Original, with very light edits, via Kastellec and Leoni’s http://svn.tables2graphs.com/tables2graphs/Rcode/Final%20Code%20for%20Website/figure_6_stevens_table_2.R
#Create vectors for coefficients, standard errors and variable names
#we place coefficient as last element in each vector rather than 1st
#since it is least important predictor, and thus we place it at the bottom of the graph
#note: we exclude the constant, since it is substantively meaningless
coef.vec <- c( 1.31, .93, 1.46, .07, .96, .2, .22, -.21, -.32, -.27,.23,
0, -.03, .13, .15, .31, -.10)
se.vec <- c( .33, .32, .32, .37, .37, .13, .12, .12, .12, .07, .07, .01, .21,
.14, .29, .25, .27)
var.names <- c("Argentina", "Chile", "Colombia", "Mexico", "Venezuela", #for longer names, we split into 2 lines using "\n" function
"Retrospective Egocentric", "Prospective Egocentric",
"Retrospective Sociotropic", "Prospective Sociotropic",
"Distance from President", "Ideology", "Age", "Female", "Education",
"Academic Sector", "Business Sector", "Government Sector")

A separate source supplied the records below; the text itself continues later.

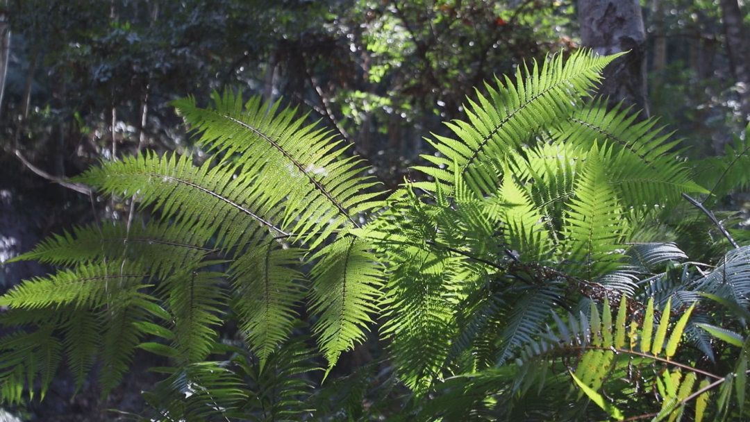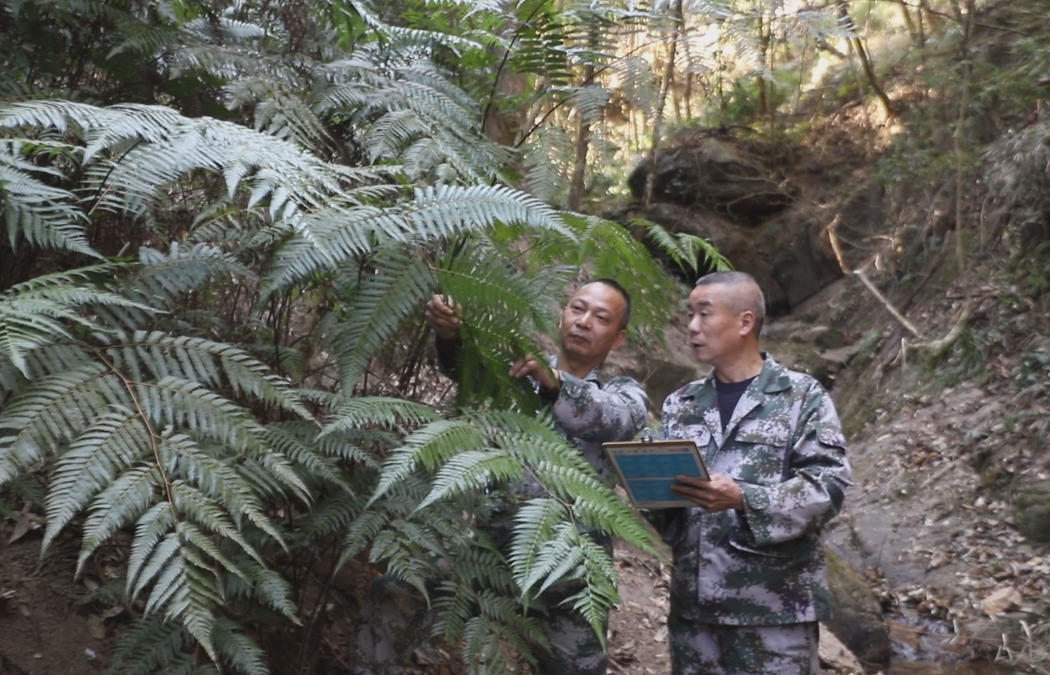 在孔田林场新塘工区的山林间,成片的金毛狗蕨沿沟谷呈块状分布,金黄的根茎绒毛在晨光中格外亮眼,叶片层层叠叠遮蔽地面。巡护人员一边清理植株周边杂灌,一边测量根茎,记录生长数据。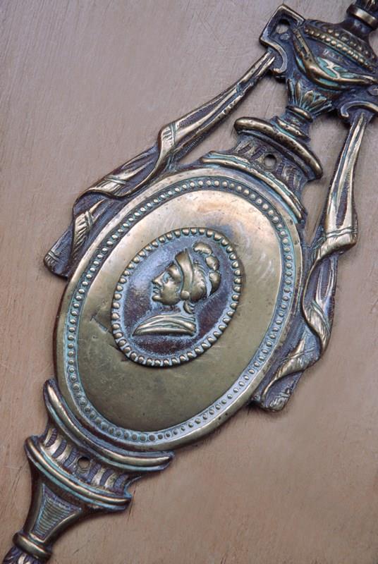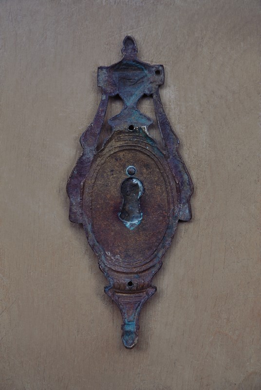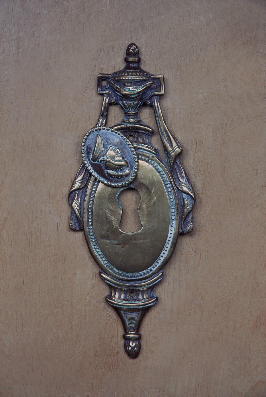 Description: Original, quality circa 1800, warm brass keyhole with an oval shaped swinging cover. This example has tthree screw holes for mounting and has a wonderful patina to the brass. An rare decorative piece with an urn and swags and a silhouette of a ladies face on the cover itself.
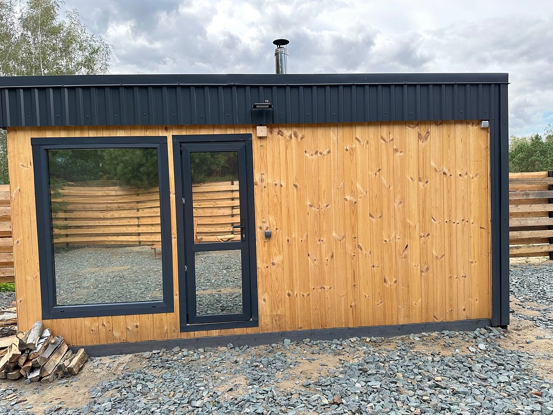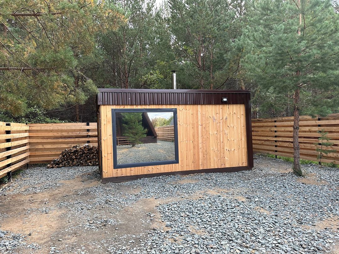 Баня на дровах с панорамными окнами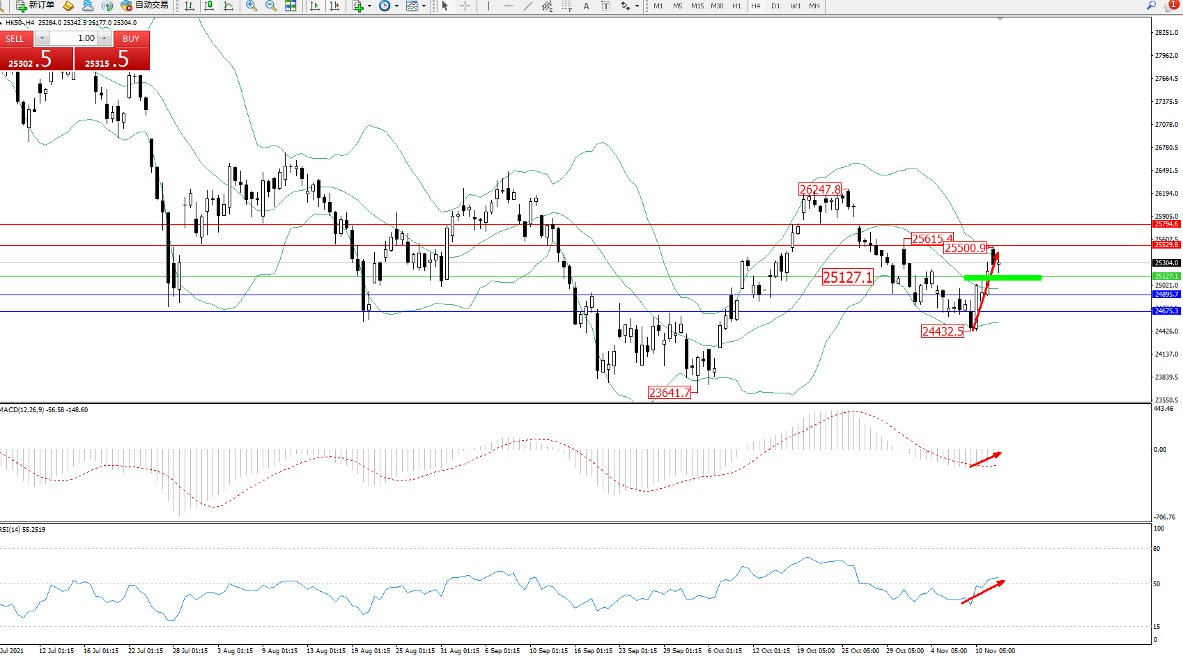 恒指HK50 ——4小时K线图显示:

y.axis <- c(length(coef.vec):1)#create indicator for y.axis, descending so that R orders vars from top to bottom on y-axis
par(mar=c(2, 13, 0, 0))#set margins for plot, leaving lots of room on left-margin (2nd number in margin command) for variable names
plot(coef.vec, y.axis, type = "p", axes = F, xlab = "", ylab = "", pch = 19, cex = 1.2,#plot coefficients as points, turning off axes and labels.

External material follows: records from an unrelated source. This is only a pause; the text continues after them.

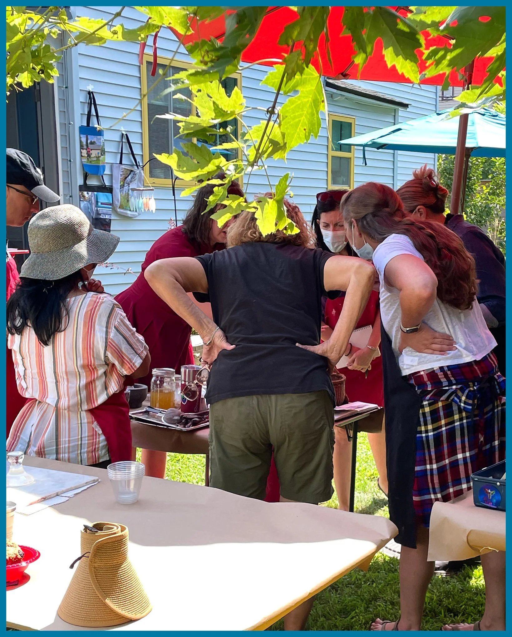 Please wear comfortable shoes for the event, and be mindful you will be outdoors for our offerings: while we encourage you to bring your own insect repellant, please be respectful of others with allergic sensitivities to smells/toxins. We’ll have green/sensitive aromatic tiki torches lit around the space.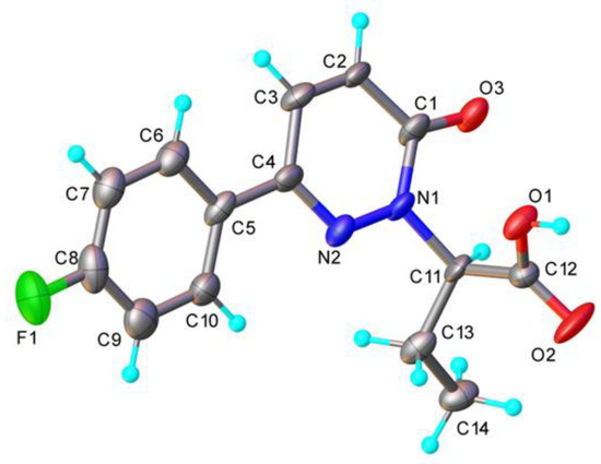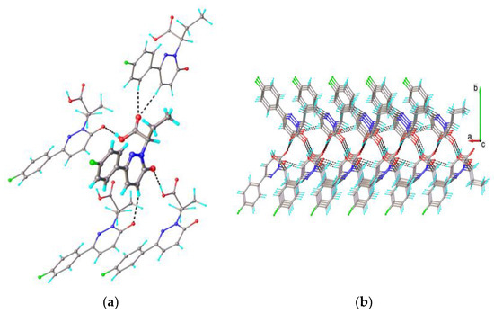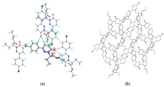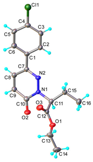 The structures of the esters 1a–c were assigned by IR and NMR spectroscopy. The 1H-NMR spectra of these intermediates present as the main feature the absence of the NH signal of pyridazine moiety and the magnetic non-equivalence of the methylene protons from the CO2Et group which appear as a multiplet instead of a quartet due to the presence of the chiral carbon center in their molecule. The hydrogen atoms H-4 and H-5 from the pyridazinone core appear as two doublets with a coupling constant of 9.6 Hz, as expected. In the 13C-NMR spectra, the two types of carbonyl groups appear at δ between 159.7–160.1 ppm for the pyridazine moiety and 169.5–169.7 ppm for the ester group. The carbon signals of methyl from CO2C2H5 and -CHC2H5 groups appeared at 14 ppm and 10 ppm, respectively. Also, the -CH< chiral carbon signal is highlighted at 62.5 ppm while the methylene carbons from ester and alkyl groups resonated at 61.5 ppm and 23 ppm, respectively. The other carbon signals appeared at the corresponding chemical shifts. The most relevant absorption bands in the IR spectra are those corresponding to the stretching vibrations of the carbonyl group from lactam (νC=O = 1655–1665 cm−1) or ester (νC=O = 1734–1738 cm−1). The structure of the ester 1c was confirmed by single crystal X-ray analysis, which has shown the compound to have a crystal structure comprising one molecular unit (Figure 2) and no co-crystallized interstitial molecules in the asymmetric part. The aromatic fragment is slightly non-planar with the dihedral angles between two rings of 18.13(8)°. Further analysis of the crystal packing has revealed the presence of short C-H···O and C-O···Cl contacts, which can be interpreted as intermolecular hydrogen and halogen bonding, respectively. As supramolecular aspects (Figure 3a) these contacts provide the direct interaction of each asymmetric unit with four adjacent molecules in the crystal. As a result, the crystal packing is characterized as a quite dense and complex three-dimensional network, as shown in Figure 3b.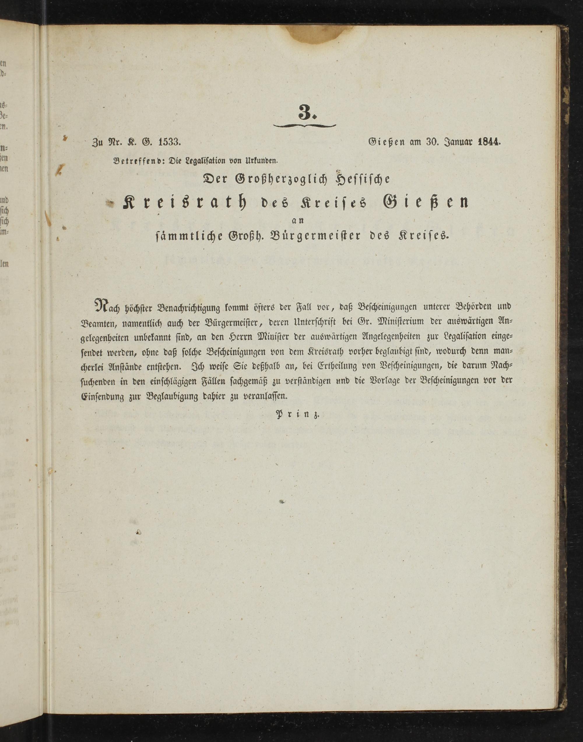 Amts-Blatt des Großherzoglich Hessischen Kreisraths des Kreises Gießen. 1843-1847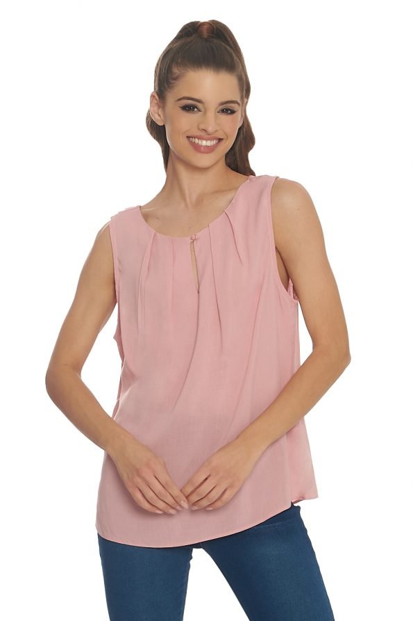 Playera cuello camisero de popelina con listón tipo moño y abertura de gota posterior con botón y manga corta

xlim = c(-2,2.5), xaxs = "r", main = "") #set limits of x-axis so that they include mins and maxs of
#coefficients + .95% confidence intervals and plot is symmetric; use "internal axes", and leave plot title empty
#the 3 lines below create horiztonal lines for 95% confidence intervals, and vertical ticks for 90% intervals
segments(coef.vec-qnorm(.975)*se.vec, y.axis, coef.vec+qnorm(.975)*se.vec, y.axis, lwd = 1.5)#coef +/-1.96*se = 95% interval, lwd adjusts line thickness
axis(1, at = seq(-2,2,by=.5), labels = NA, tick = T,#draw x-axis and labels with tick marks
cex.axis = 1.2, mgp = c(2,.7,0))#reduce label size, moves labels closer to tick marks
axis(1, at = seq(-2,2,by=1), labels = c(-2, -1, 0, 1,2), tick = T,#draw x-axis and labels with tick marks
cex.axis = 1.2, mgp = c(2,.7,0))#reduce label size, moves labels closer to tick marks
axis(2, at = y.axis, label = var.names, las = 1, tick = T, mgp = c(2,.6,0),
cex.axis = 1.2) #draw y-axis with tick marks, make labels perpendicular to axis and closer to axis
segments(0,0,0,17,lty=2) # draw dotted line through 0
#box(bty = "l") #place box around plot
#use following code to place model info into plot region
x.height <- .57
text(x.height, 10, expression(R^{2} == .15), adj = 0, cex = 1) #add text for R-squared
text(x.height, 9, expression(paste("Adjusted ", R^{2} == ".12", "")), adj = 0, cex = 1)#add text for Adjusted-R-squared
text(x.height, 8, "n = 500", adj = 0, cex = 1)#add text for sample size
Redone using dotwhisker
:
#install.packages("dotwhisker") # uncomment to install from CRAN
library(dplyr)
library(dotwhisker)
library(dplyr)
# Format data as tidy dataframe
results_df <- data.frame(term=var.names, estimate=coef.vec,
std.error=se.vec)
# Draw dot-and-whisker plot
results_df %>% dwplot + theme_bw() + theme(legend.position="none") +
ggtitle("Determinants of Authoritarian Aggression\nStevens, Bishin, and Barr (2006)\nvia Kastellec and Leoni (2007)") +
geom_vline(xintercept = 0, colour = "grey60", linetype = 2) +
annotate("text", x = 1.05, y = 10, size = 4, hjust = 0,
label = "R^2 == .15", parse = TRUE) +
annotate("text", x = 1.05, y = 9, size = 4, hjust = 0,
label = "Adjusted~R^2 == .12", parse = TRUE) +
annotate("text", x = 1.05, y = 8, size = 4, hjust = 0,
label = "n = 500")
Original, with very light edits, via Kastellec and Leoni’s http://svn.tables2graphs.com/tables2graphs/Rcode/Final%20Code%20for%20Website/figure_7_pekkanen_table_1.R
#Create Vectors for coefs and standard errors for each model, and variable names
#note that we exclude "margin squared" since it doesn't appear in either model
coef.matrix <- matrix(c(-.039, NA, .048, -.133, .071, -.795, 1.47,
-.036, NA, .036, -.142, .07, -.834, 1.70,
-.051, NA, .017, .05, .011, -.532, .775,
-.037, -.02, .047, -.131,.072, -.783, 1.45,
-.034, -.018, -.035, -.139, .071, -.822, 1.68,
-.05, -.023, .016,-.049, .013, -.521, .819),nr=7)
## R2 of the models
R2<- c(0.910, 0.910, 0.940, 0.910, 0.910, 0.940)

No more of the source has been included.